- _Work to be completed_:
Copy out exactly, from the entries that follow, the line holding "El nombre de sabates", the line holding "В парке Победы", and all lines between them, but no pictures.

- _Material provided_:
-=-=-

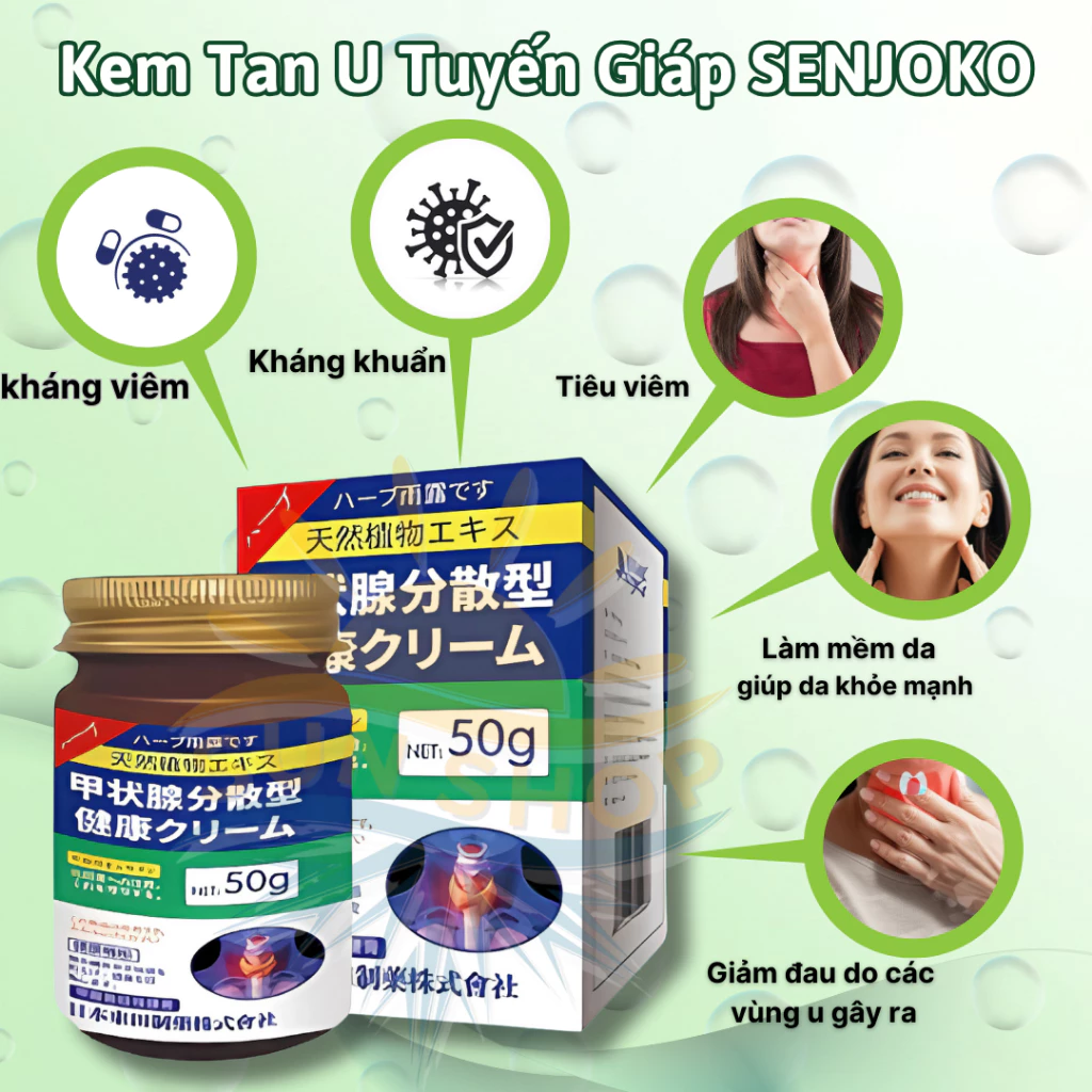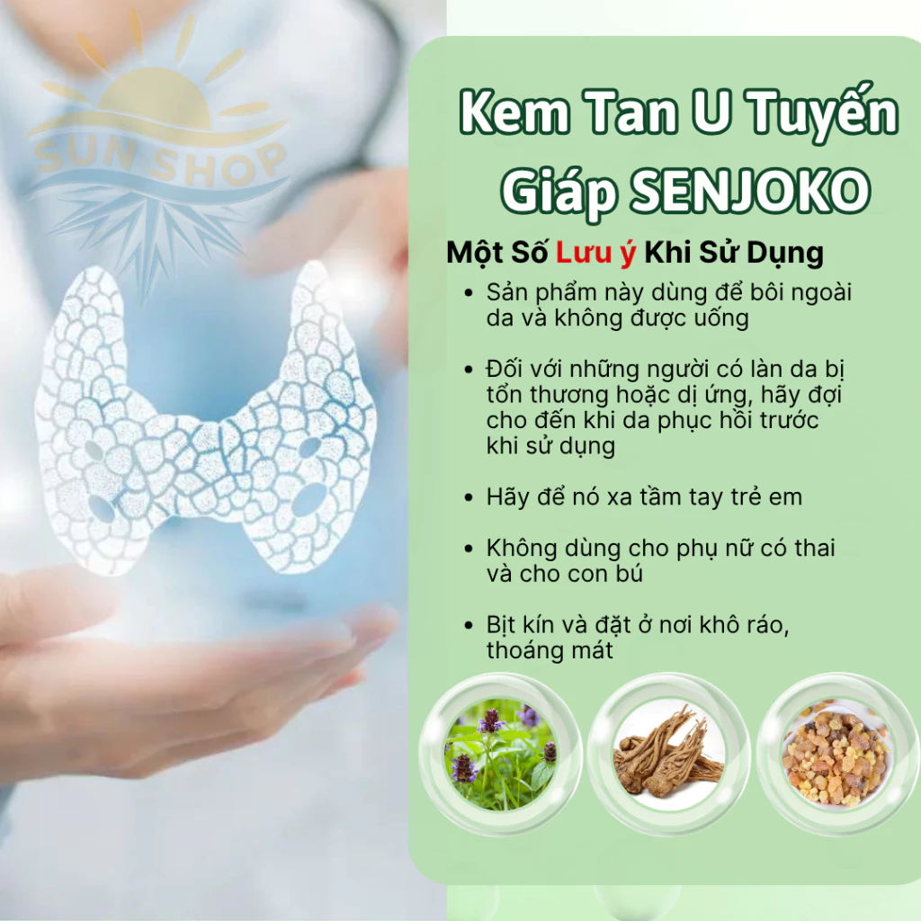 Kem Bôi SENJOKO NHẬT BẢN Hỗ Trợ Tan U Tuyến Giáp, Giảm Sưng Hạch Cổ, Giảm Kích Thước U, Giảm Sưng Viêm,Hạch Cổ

-=-=-

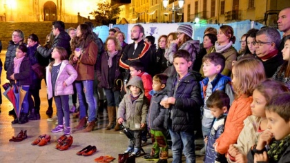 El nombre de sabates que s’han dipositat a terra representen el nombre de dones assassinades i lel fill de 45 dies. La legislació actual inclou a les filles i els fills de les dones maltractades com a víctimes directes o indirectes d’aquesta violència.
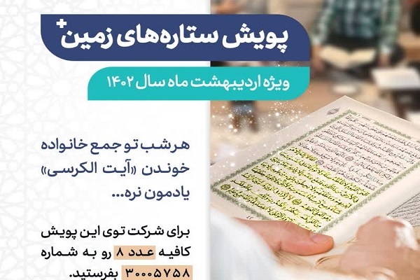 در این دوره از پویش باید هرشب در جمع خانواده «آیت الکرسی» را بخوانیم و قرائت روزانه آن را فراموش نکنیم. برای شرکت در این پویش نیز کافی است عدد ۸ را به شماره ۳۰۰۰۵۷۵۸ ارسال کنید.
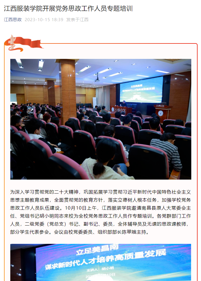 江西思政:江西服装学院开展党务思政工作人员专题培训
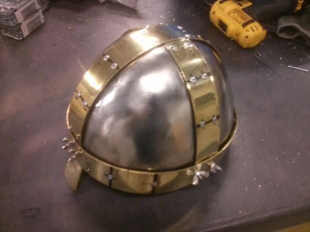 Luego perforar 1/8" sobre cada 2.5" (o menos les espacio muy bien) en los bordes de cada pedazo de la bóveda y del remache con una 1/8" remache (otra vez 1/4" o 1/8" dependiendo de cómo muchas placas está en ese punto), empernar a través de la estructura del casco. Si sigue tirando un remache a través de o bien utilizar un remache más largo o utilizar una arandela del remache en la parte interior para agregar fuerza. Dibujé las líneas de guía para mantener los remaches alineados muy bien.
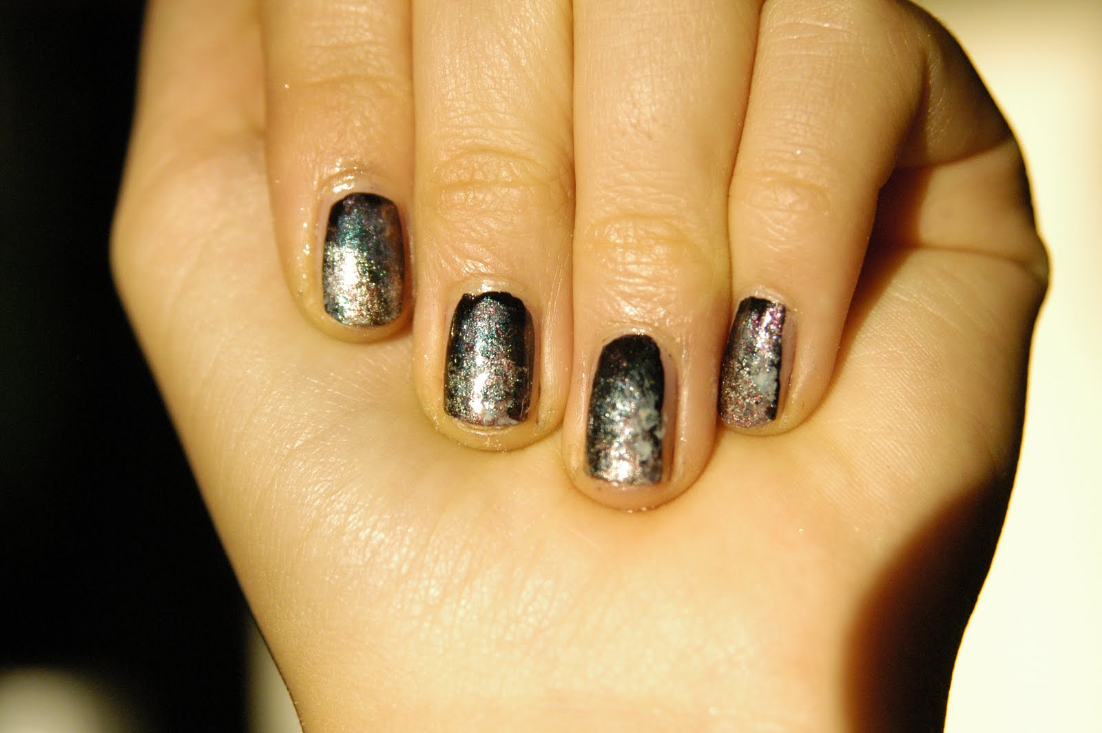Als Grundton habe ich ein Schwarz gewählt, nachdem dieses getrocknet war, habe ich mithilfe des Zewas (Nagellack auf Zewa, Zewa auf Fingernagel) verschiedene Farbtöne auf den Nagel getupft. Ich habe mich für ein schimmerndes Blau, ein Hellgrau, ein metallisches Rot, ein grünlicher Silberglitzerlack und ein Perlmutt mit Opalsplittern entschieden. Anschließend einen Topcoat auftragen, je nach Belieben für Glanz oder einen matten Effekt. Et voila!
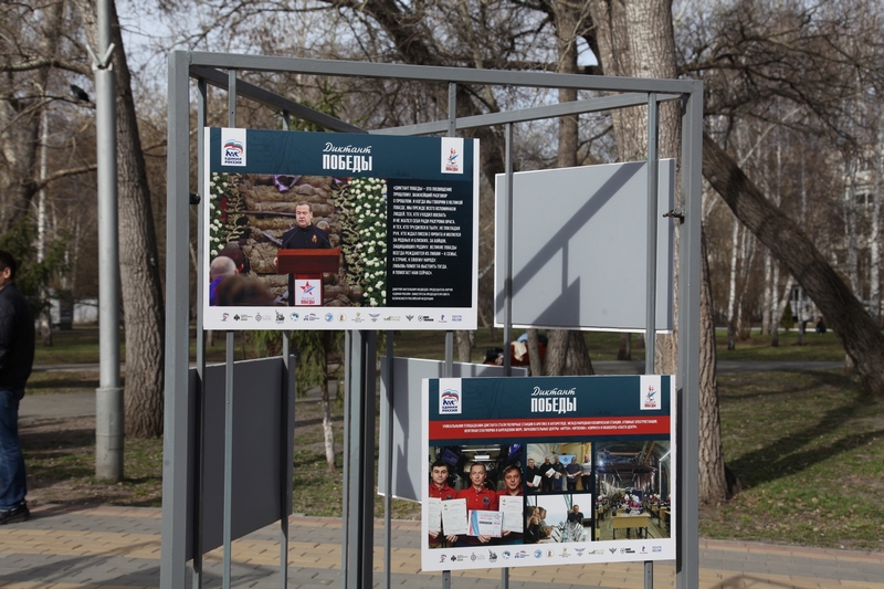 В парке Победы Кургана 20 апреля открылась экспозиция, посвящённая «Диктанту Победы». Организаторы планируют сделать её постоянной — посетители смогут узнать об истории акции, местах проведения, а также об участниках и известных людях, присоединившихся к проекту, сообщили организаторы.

-=-=-

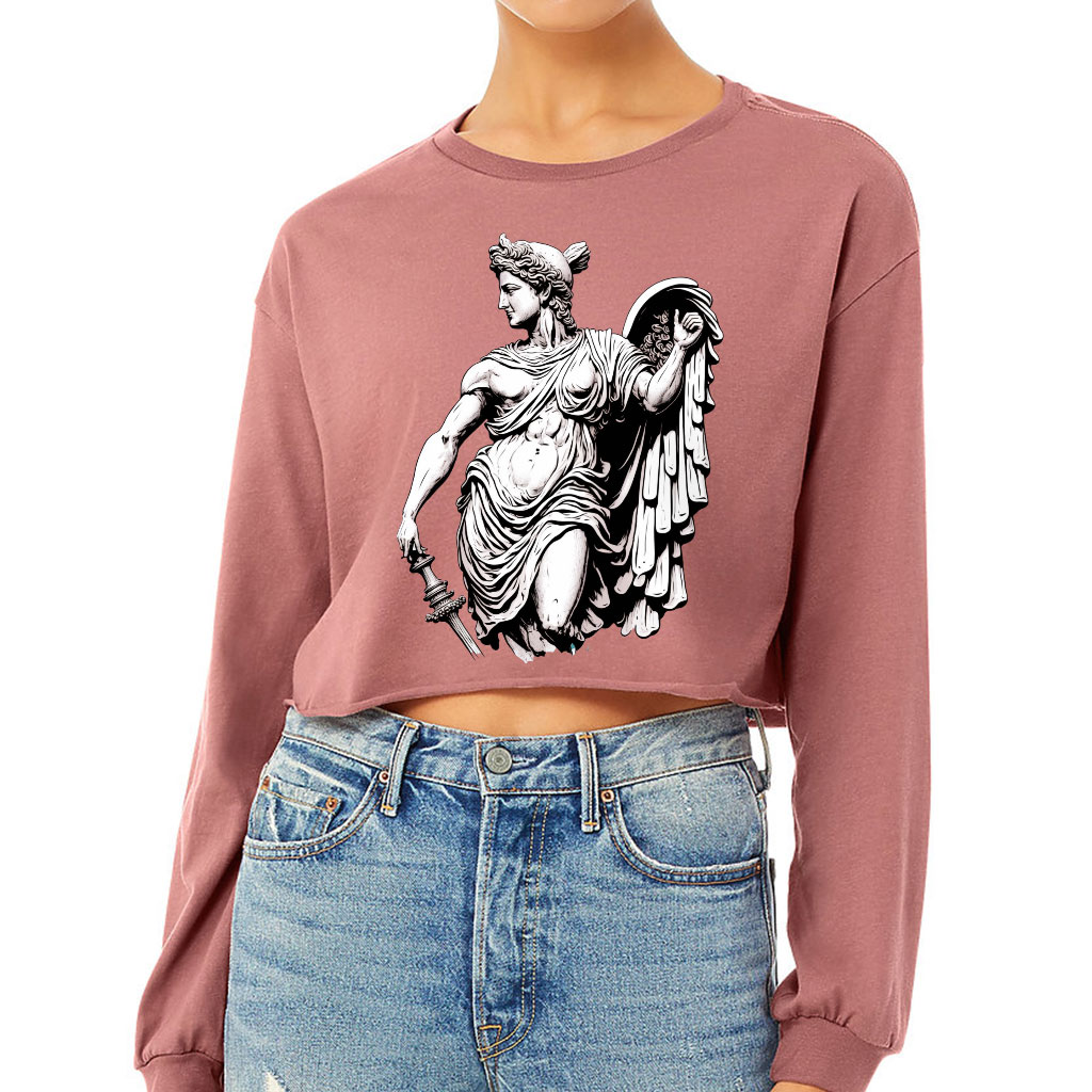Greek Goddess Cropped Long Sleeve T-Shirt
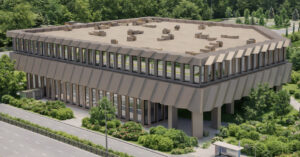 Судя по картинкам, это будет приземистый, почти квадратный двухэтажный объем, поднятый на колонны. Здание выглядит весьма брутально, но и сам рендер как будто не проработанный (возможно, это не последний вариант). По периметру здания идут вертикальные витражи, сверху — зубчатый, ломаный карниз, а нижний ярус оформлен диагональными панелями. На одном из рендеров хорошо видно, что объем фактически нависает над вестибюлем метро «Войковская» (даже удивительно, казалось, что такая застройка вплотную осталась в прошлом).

-=-=-

- _Exercise result_:
 El nombre de sabates que s’han dipositat a terra representen el nombre de dones assassinades i lel fill de 45 dies. La legislació actual inclou a les filles i els fills de les dones maltractades com a víctimes directes o indirectes d’aquesta violència.
 در این دوره از پویش باید هرشب در جمع خانواده «آیت الکرسی» را بخوانیم و قرائت روزانه آن را فراموش نکنیم. برای شرکت در این پویش نیز کافی است عدد ۸ را به شماره ۳۰۰۰۵۷۵۸ ارسال کنید.
 江西思政:江西服装学院开展党务思政工作人员专题培训
 Luego perforar 1/8" sobre cada 2.5" (o menos les espacio muy bien) en los bordes de cada pedazo de la bóveda y del remache con una 1/8" remache (otra vez 1/4" o 1/8" dependiendo de cómo muchas placas está en ese punto), empernar a través de la estructura del casco. Si sigue tirando un remache a través de o bien utilizar un remache más largo o utilizar una arandela del remache en la parte interior para agregar fuerza. Dibujé las líneas de guía para mantener los remaches alineados muy bien.
Als Grundton habe ich ein Schwarz gewählt, nachdem dieses getrocknet war, habe ich mithilfe des Zewas (Nagellack auf Zewa, Zewa auf Fingernagel) verschiedene Farbtöne auf den Nagel getupft. Ich habe mich für ein schimmerndes Blau, ein Hellgrau, ein metallisches Rot, ein grünlicher Silberglitzerlack und ein Perlmutt mit Opalsplittern entschieden. Anschließend einen Topcoat auftragen, je nach Belieben für Glanz oder einen matten Effekt. Et voila!
 В парке Победы Кургана 20 апреля открылась экспозиция, посвящённая «Диктанту Победы». Организаторы планируют сделать её постоянной — посетители смогут узнать об истории акции, местах проведения, а также об участниках и известных людях, присоединившихся к проекту, сообщили организаторы.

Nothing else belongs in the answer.